A paint dripping drying furnace 14 for dripping paint along the circumferential direction of coils at two ends of the motor to be processed and heating and solidifying the coils;

a primary curing oven 16 for further heating and curing the motor to be processed coming out of the paint dropping drying oven 14;

a two-end coating device 18 for coating paint on the coil end surfaces at two ends of the motor to be processed, which are discharged from the primary curing oven 16;

A secondary curing oven 20 for heating and curing the motor to be processed, the motor being coated with paint on the end face of the coil; the invention divides coils at two ends of a motor to be processed into a near-end inner side, a near-end outer side, a far-end inner side, a far-end outer side, a near-end surface and a far-end surface respectively, and respectively coats the coils with insulating paint in a mode of paint dripping and insulating paint powder coating; practice shows that the method is comprehensive in coating and can accurately control the use amount of the insulating paint, so that better quality is obtained.

A cooling box 22 for cooling the motor to be processed coming out of the secondary curing oven 20;

A preheating device 24 for heating the motor to be processed;

a second multi-axis mechanical arm 26 for transferring the motor to be processed between the preheating device 24 and the two-end coating device 18;

the first multi-axis mechanical arm 10 is used for transferring motors to be processed among the paint dropping drying furnace 14, the primary curing furnace 16, the secondary curing furnace 20 and the cooling box 22; the paint dripping drying furnace 14, the primary curing furnace 16, the secondary curing furnace 20, the preheating device 24 and the cooling box 22 are all arranged in the working radius of the first multi-axis mechanical arm 10;

the preheating device 24 and the two-end coating device 18 are disposed within the working radius of the second multi-axis robot arm 26.

The paint drop oven 14 includes a paint drop housing having a loading and unloading zone 30, a preheating zone 32, a paint drop zone 34, and an internal curing zone 36. A chain conveyor line 38 is also arranged in the paint dropping box body, the chain conveyor line 38 comprises an annular revolution chain 40 and an annular rotation chain 42, a plurality of rotating shafts 46 are rotatably arranged on the revolution chain 40 at intervals, and a chuck 44 for fixing a motor to be processed and a rotation chain wheel 48 which can be meshed with the rotation chain 42 are arranged on the rotating shafts 46; the revolution chain 40 drives the motor to be processed to sequentially pass through the loading and unloading area 30, the preheating area 32, the paint dripping area 34 and the internal curing area 36 in an intermittent rotation mode, the rotation chain 42 drives the chuck 44 to rotate on the revolution chain 40 through the rotating shaft 46, and the rotating speed of the rotation chain 42 is greater than that of the revolution chain 40.

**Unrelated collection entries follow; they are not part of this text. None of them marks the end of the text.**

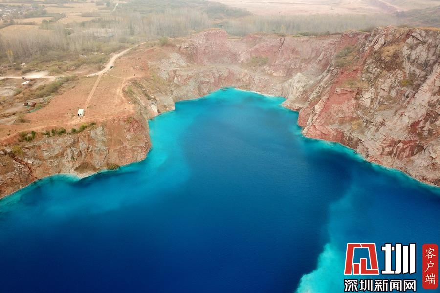 2019年11月25日。安徽省蕪湖市。周長(zhǎng)約1029米已廢棄30多年的白馬礦坑隨著時(shí)間推移,并伴隨石灰?guī)r反應(yīng)、地質(zhì)等多方面原因,礦坑內(nèi)的水質(zhì)逐漸呈強(qiáng)堿性并變成深藍(lán)色。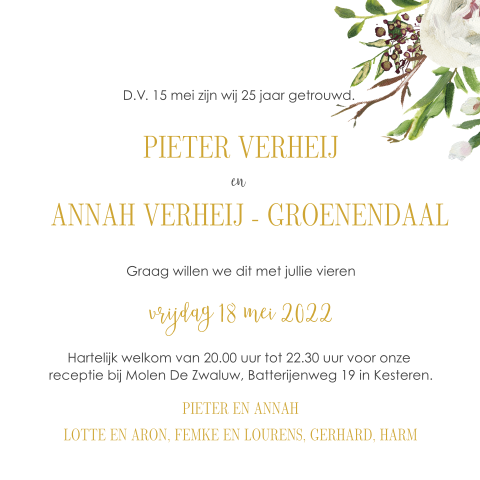 Huwelijksjubileum uitnodiging zelf maken bij lovz. Wij willen graag iets terug doen voor onze ouders jan en janny jansen. Deze kaart heeft een langere verzendtijd: Bijzonder om dat samen met familie en vrienden te vieren. De goudlook verfspetters maken deze jubileumkaart geen, home, hartje, jubileum, uitnodiging, 50, aanpasbaar, chic, stijlvol, vierkant, vierkant, dubbel, geertje burgers, bloemen, goud, wit. Met daarop in het label de tekst gouden huwelijk 50 in het goud, maken dit de juiste kaart voor jullie gouden jubileum. Mooie dubbele uitnodiging voor jullie 50 jarig huwelijksjubileum. Voor 18.00 uur besteld = de volgende werkdag gedrukt en verzonden. Uitnodigingsteksten voor een 50 jarig huwelijk: 50 jaar getrouwd, een gouden huwelijksfeest. Made for moments > jubileumkaarten huwelijksjubileum > 50 jaar getrouwd > 50 jarig jubileum uitnodiging. Dit is het 9e tevens laatste deel van de video van het 50 jarig huwelijksjubileum van rudolph & grace paulus in de eemhof, augustus 1999. Dit bericht werd geplaatst in huwelijksjubileum en getagged met 1 jaar huwelijksjubileum, 10 jaar getrouwd, 12 1/2 jaar getrouwd, 40 jaar getrouwd, 50 jaar getrouwd. Tips voor een 50 jarig huwelijksfeest 50 jaar getrouwd zijn is de reden om een feestje te geven. Grote collectie jubileumkaarten of ontwerp samen met ons. Samen met hen vier je het huwelijksjubileum en sta je stil bij de 50 jaren die jullie als stel, vrienden en kennissen. De uitnodiging voor een huwelijksjubileum maak je eenvoudig en het 12,5 jarig huwelijk heet het bronzen huwelijk en als je 25 jaar getrouwd bent is er sprake van een zilveren huwelijk. Wij zouden je graag uitnodigen om ons 50 e jubileum te vieren op 18 augustus jan en jannie jansen wanneer? Home > uitnodiging maken > 50 jaar getrouwd > uitnodiging 50 jarig huwelijksjubileum wijnproeverij. Chique uitnodiging 50 jarig huwelijksfeest met een groot hart in goudlook met daarin rozen bladeren. Home > uitnodiging maken > 50 jaar getrouwd > uitnodiging biertjes 50 jarig huwelijk. Het wordt ook wel het 'tinnen' huwelijksjubileum genoemd. Met sierlijke lettertypes en aan de binnenkant vrolijke icoontjes. Uitnodiging 50 jarig jubileum met goud op krijtbord. Chique uitnodiging voor 50 jarig jubileum met lieve hartjes en tekst in goudfolie op grijs blauw. Gefeliciteerd met jullie gouden huwelijk! De foto geeft de kaart een extra persoonlijke tint! Folie ballon cijfers 50 jaar getrouwd uitnodiging krijtbord met goud. Wij hebben huwelijksjubileum uitnodigingen voor als je 12,5 jaar, 25, 40, 50 of 60 jaar getrouwd bent. Uitnodiging 50 jarig jubileum retro. Overige bestellingen en proefdrukken drukken en versturen wij de volgende werkdag brievenbuspost.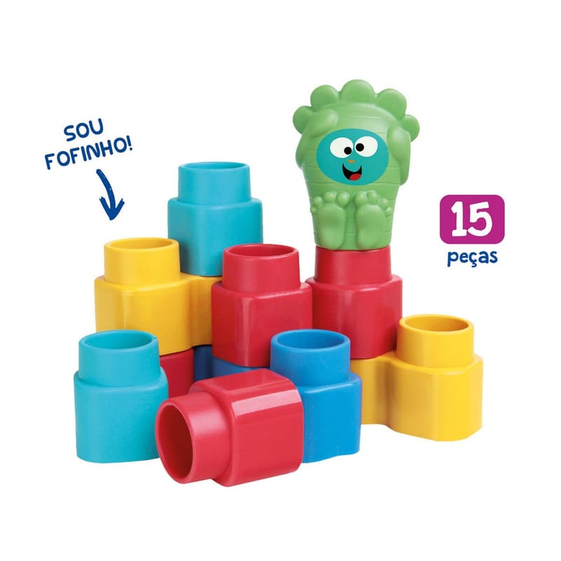 Contém quinze peças macias e fofinhas, coloridas e fáceis de encaixar, montar ou empilhar. O acessório vai estimular a criatividade e imaginação com diversos estímulos sensoriais.

Further, a plurality of parallel rollers (not shown) are disposed in the paint dropping box, a main sprocket (not shown) and a sub sprocket (not shown) are rotatably sleeved on all the rollers, the revolution chain 40 is sleeved on the main sprocket, and the rotation chain 42 is sleeved on the sub sprocket, which is a common structure that two sprockets on one roller respectively drive two chains, and therefore not shown in detail. A revolution motor (not shown) drives at least one main chain wheel to intermittently rotate through an index plate (not shown), and a rotation motor (not shown) drives at least one slave chain wheel (not shown) to continuously rotate; each chuck 44 is provided with a plurality of jaws 50 which can move along the radial direction of the chuck 44, and a locking screw 52 for driving the jaws 50 to move; the locking screw 52 is rotatably provided on the chuck 44 in the radial direction of the chuck 44, and a catching groove (not shown) is provided on the end surface of the locking screw 52. The locking screw 52 may be provided in a plurality circumferentially around the chuck 44, which is a common machine chuck configuration, and thus the internal structure is not shown in detail.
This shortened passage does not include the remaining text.